━━ DATA EXTRACT

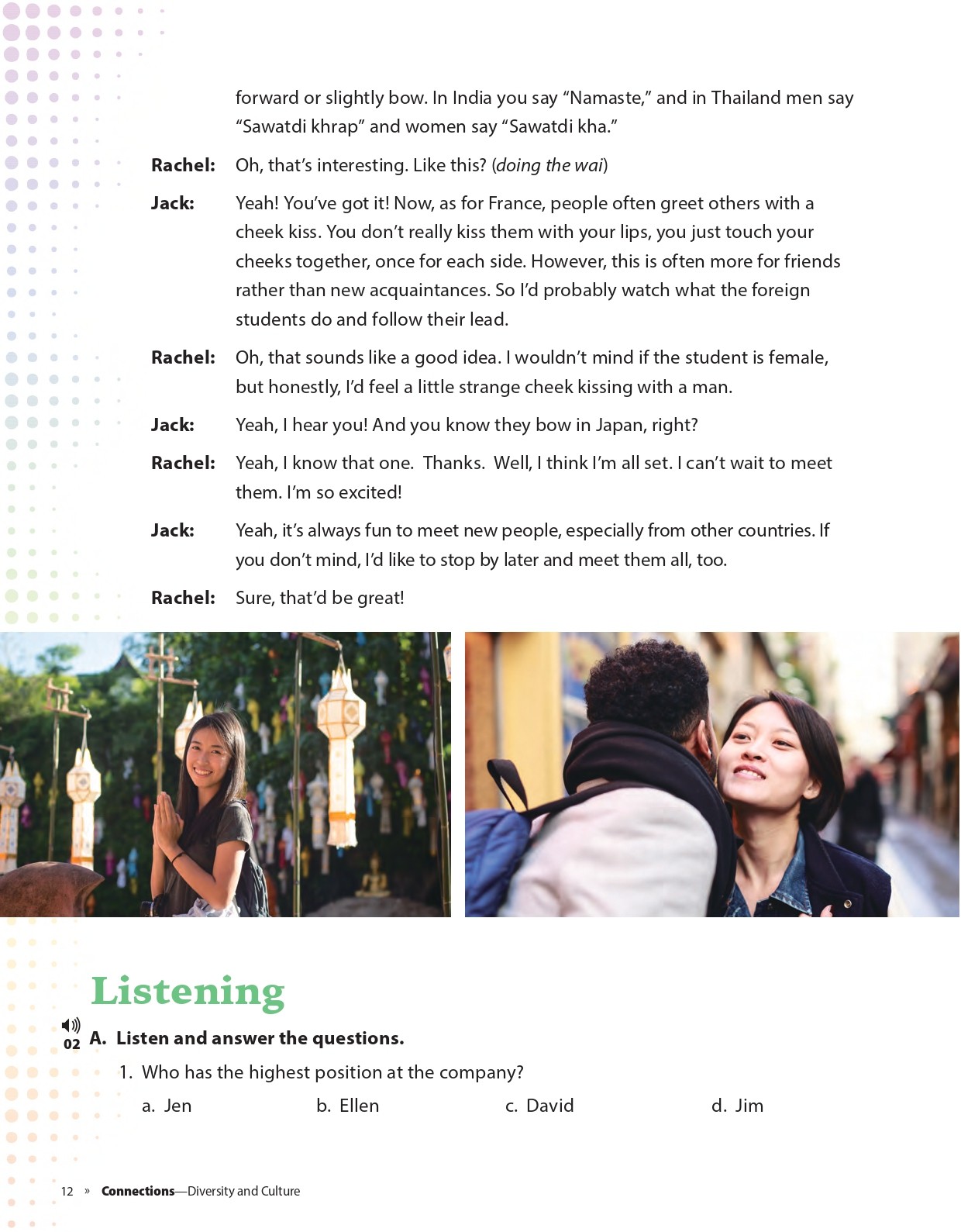 PrefaceEffective communication in today’s interconnected world requires attending to the wide variety of cultural perspectives that are found all around us. By becoming sensitive to how people from different cultures see things, we are more likely to avoid misunderstandings and to better appreciate what makes us similar to and different from one another. The purpose of this textbook is to help language learners investigate and discuss cultural issues, and to develop a heightened awareness of the role that culture plays in daily life.
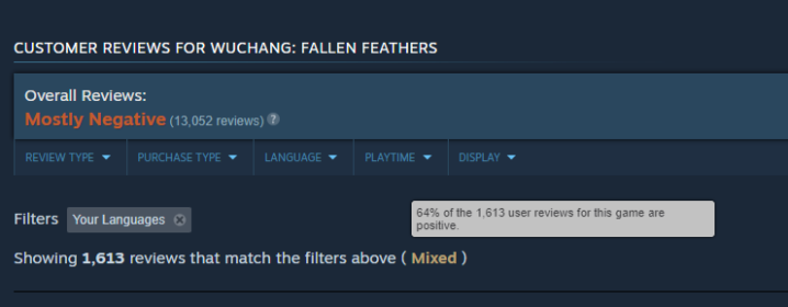 英文评论区评分显示游戏好评率64%“褒贬不一”,而非差评如潮
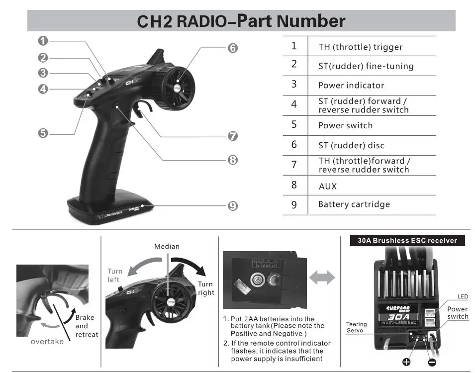 Передатчик RC 2,4G CH2приемник w + Водонепроницаемый 2430 2435 2440 2838 2845 бесщеточный двигатель + 2 в 1 Esc для радиоуправляемого автомобиля лодки

━━━━

» TASK
Would you copy out the material above exactly, without the pictures in it?

» EXERCISE SOLUTION
 PrefaceEffective communication in today’s interconnected world requires attending to the wide variety of cultural perspectives that are found all around us. By becoming sensitive to how people from different cultures see things, we are more likely to avoid misunderstandings and to better appreciate what makes us similar to and different from one another. The purpose of this textbook is to help language learners investigate and discuss cultural issues, and to develop a heightened awareness of the role that culture plays in daily life.
 英文评论区评分显示游戏好评率64%“褒贬不一”,而非差评如潮
 Передатчик RC 2,4G CH2приемник w + Водонепроницаемый 2430 2435 2440 2838 2845 бесщеточный двигатель + 2 в 1 Esc для радиоуправляемого автомобиля лодки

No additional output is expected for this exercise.